Department of Mathematical Sciences, University of Texas at Dallas, Richardson, Texas, 75080, USA.
Chesapeake Biological Laboratory, University of Maryland Center for Environmental Science, Solomons, Maryland, 20688, USA.
Sci Rep. 2017 Jul 19;7(1):5807. doi: 10.1038/s41598-017-05885-x.

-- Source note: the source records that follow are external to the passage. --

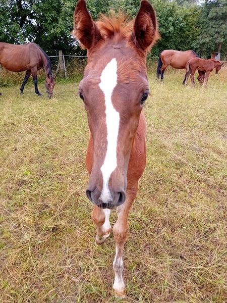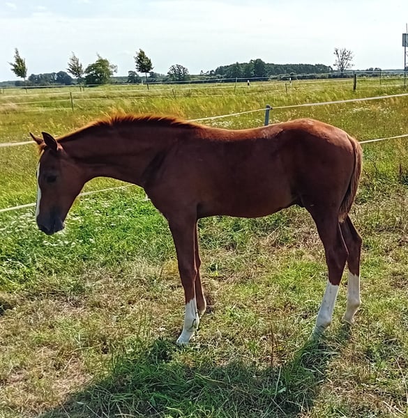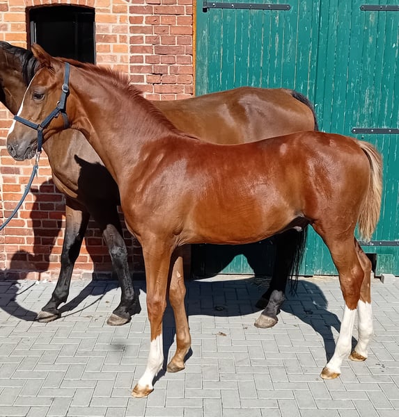 For sale is a promising, typey colt in a chic chestnut jacket. With an expressive appearance, "Diado" presents himself relaxed and light-footed in movement. He is very sociable, has mastered the foal ABC and has a lot of charm. He has an elegant and sporty appearance and, due to his pedigree, offers the best basic prerequisites for high-level show jumping; perhaps even interesting for stallion breeding. Sire DIATHAGO (by Diamant De Semilly - Carthago - Stakkato - Grannus) is a typey top show jumper and an important son of the legendary Diamant de Semilly, who stands out with his excellent jumping manner, elasticity and bascule. He already impressed in the 70-day test in Neustadt (Dosse) with a jumping-oriented final score of 8.6 and was outstanding in free jumping (9.0). Sire Diamant de Semilly was World Champion under Eric Levallois in 2002 and Vice European Champion in 2003 and can point to 71 licensed sons and 191 S-successful offspring. DIATHAGO has been successful under the saddle of Marcus Ehning (5th place in the CSI4* in Valkenswaad and victorious in the World Ranking Jumping in Oslo) and was previously highly successful under Lara Weber in international show jumping competitions up to advanced (S***) level and placed in the CSI2* in Riesenbeck in 2020. The pair won the Westphalian Championships in 2019. To date, the stallion has placed third in the LVM Bavarian Championships for six and seven-year-old show jumpers under Jens Goldfuß in 2017. He also placed in the small final at the World Championships for five-year-old show jumpers. DIATHAGO's offspring inspire with their athleticism and elegance. Among others, he produced the champion jumping foal in Warendorf in 2018. His first offspring have now reached advanced level and can point to international advanced (S) level placings. DIATHAGO is half-brother to the PILOT son PILOTHAGO, who was licensed in 2012. Further information under: https://www.landgestuet.nrw.de/zucht/unsere-hengste/hengst/diathago/ Information on the parent strain: Diado's dam comes from the legendary Landgraf line and was herself successful on the show jumping course up to 1.35 m. She was awarded the DSP premium for her athletic performance. Diado was born on 22.04.2024 and is about to be weaned. If you are interested or require further information, please do not hesitate to contact us.
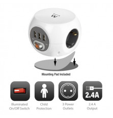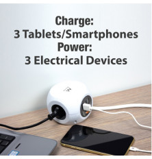 Con la unidad de alimentación Power Block EW3939 podrá conectar 3 dispositivos eléctricos y 3 dispositivos USB al mismo tiempo. Los puertos USB tienen una capacidad total de 2, 4A y incluyen protección contra subidas de tensión y cortocircuitos. Las tres salidas de alimentación están equipadas con protección para niños. Puede instalar la unidad Power Block en su escritorio. Utilice la almohadilla de montaje incluida para asegurarse de que el Power Block permanezca sujeto en su lugar. Active o desactive las 3 salidas de alimentación y puertos USB al mismo tiempo con el interruptor de encendido/apagado con iluminación.3 salidas de alimentación y 3 puertos USBLa toma de corriente cúbica EW3939 dispone de 3 salidas de alimentación para conectar 3 dispositivos. Los tres puertos USB son adecuados para cargar teléfonos inteligentes y tablets con una carga máxima de 2,4A a la vez.Habilite o deshabilite todas las salidas de alimentación y puertos USB con un solo interruptorUtilice el interruptor iluminado para habilitar o deshabilitar todas las salidas de alimentación simultáneamente. Esta característica es de gran utilidad para reducir su factura de electricidad Y para garantizar la seguridad. Evita que se utilice la energía de reserva. Es más seguro desactivar todos los dispositivos eléctricos a la vez, en lugar de tener todos los dispositivos activados todo el tiempo.Diseño compactoEl EW3939 tiene un diseño cúbico que ahorra espacio y ocupa un espacio limitado en su escritorio. Fácil acceso a todas las salidas de alimentación y puertos USB. La almohadilla de montaje incluida garantiza que la toma de corriente permanezca en su sitio.Protección frente a subidas de tensión, cortocircuitos y niñosLos puertos USB están equipados con protección frente a subidas de tensión y cortocircuitos. Las salidas de alimentación tienen protección de seguridad infantil.CARACTERÍSTICASLongitud de cable: 1,5 mCantidad de salidas AC: 3 salidas ACColocación soportada: InteriorInterruptor de encendido/apagado integrado: SiTipo de salida AC: Tipo CTipo de enchufe: Tipo CCantidad de puertos USB: 3Número de hilos: 3Tamaño del núcleo: 1,5 mm²Luz de indicación: SiColor del producto: BlancoCONTROL DE ENERGÍAVoltaje de entrada AC: 250 VPotencia máx. de entrada: 4000 WMáxima corriente: 16 APESO Y DIMENSIONESAncho: 92 mmProfundidad: 92 mmAltura: 80 mmPeso: 423 g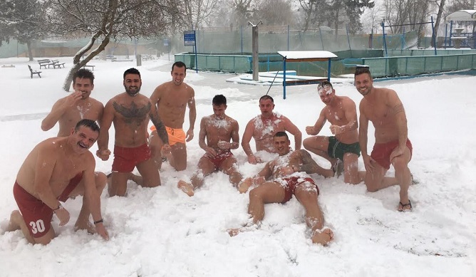 "Csapatunk túl van a felkészülés első hetén. A levezetés nem is telhetett volna jobban, mint egy alapos hófürdőzéssel" - írta a klub honlapja a mellékelt fotóhoz.
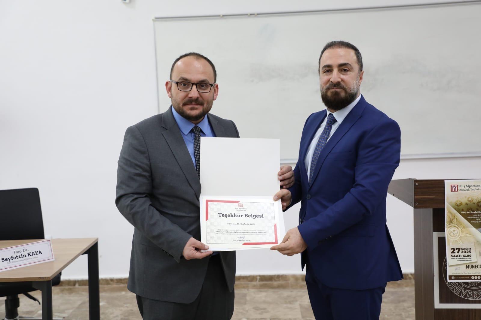 Bölümümüz öğretim üyelerinden Doç. Dr. Seyfettin KAYA, Muş Üniversitesi nde Rektör Prof. Dr. Mustafa ALİCAN ın katılımlarıyla düzenlenen akademik etkinlikte “Orta Çağ İslam Dünyasında Müneccimler ve Müneccimlik Müessesesi” konusu ele aldı.

We propose a new method of nonparametric bootstrap to quantify estimation uncertainties in functions of network degree distribution in large ultra sparse networks. Both network degree distribution and network order are assumed to be unknown. The key idea is based on adaptation of the "blocking" argument, developed for bootstrapping of time series and re-tiling of spatial data, to random networks. We first sample a set of multiple ego networks of varying orders that form a patch, or a network block analogue, and then resample the data within patches. To select an optimal patch size, we develop a new computationally efficient and data-driven cross-validation algorithm. The proposed fast patchwork bootstrap (FPB) methodology further extends the ideas for a case of network mean degree, to inference on a degree distribution. In addition, the FPB is substantially less computationally expensive, requires less information on a graph, and is free from nuisance parameters. In our simulation study, we show that the new bootstrap method outperforms competing approaches by providing sharper and better-calibrated confidence intervals for functions of a network degree distribution than other available approaches, including the cases of networks in an ultra sparse regime. We illustrate the FPB in application to collaboration networks in statistics and computer science and to Wikipedia networks.
我们提出了一种新的非参数自举方法,用于量化大型超稀疏网络中网络度分布函数的估计不确定性。假设网络度分布和网络阶数均未知。该方法的关键思想基于对“阻塞”论点的适应性,该论点是为时间序列的自举和空间数据的重新平铺而开发的,适用于随机网络。我们首先对一组具有不同阶数的多个自我网络进行抽样,这些自我网络形成一个斑块,或类似网络块,然后在斑块内重新采样数据。为了选择最佳的斑块大小,我们开发了一种新的计算高效和数据驱动的交叉验证算法。所提出的快速斑块自举(FPB)方法进一步扩展了网络平均度的思想,以对度分布进行推断。此外,FPB 的计算成本显著降低,对图的信息要求更少,并且没有干扰参数。在我们的模拟研究中,我们表明,新的自举方法通过提供比其他可用方法更尖锐和更好校准的网络度分布函数的置信区间来超越竞争方法,包括在超稀疏网络的情况下。我们将 FPB 应用于统计学和计算机科学中的合作网络以及 Wikipedia 网络中进行说明。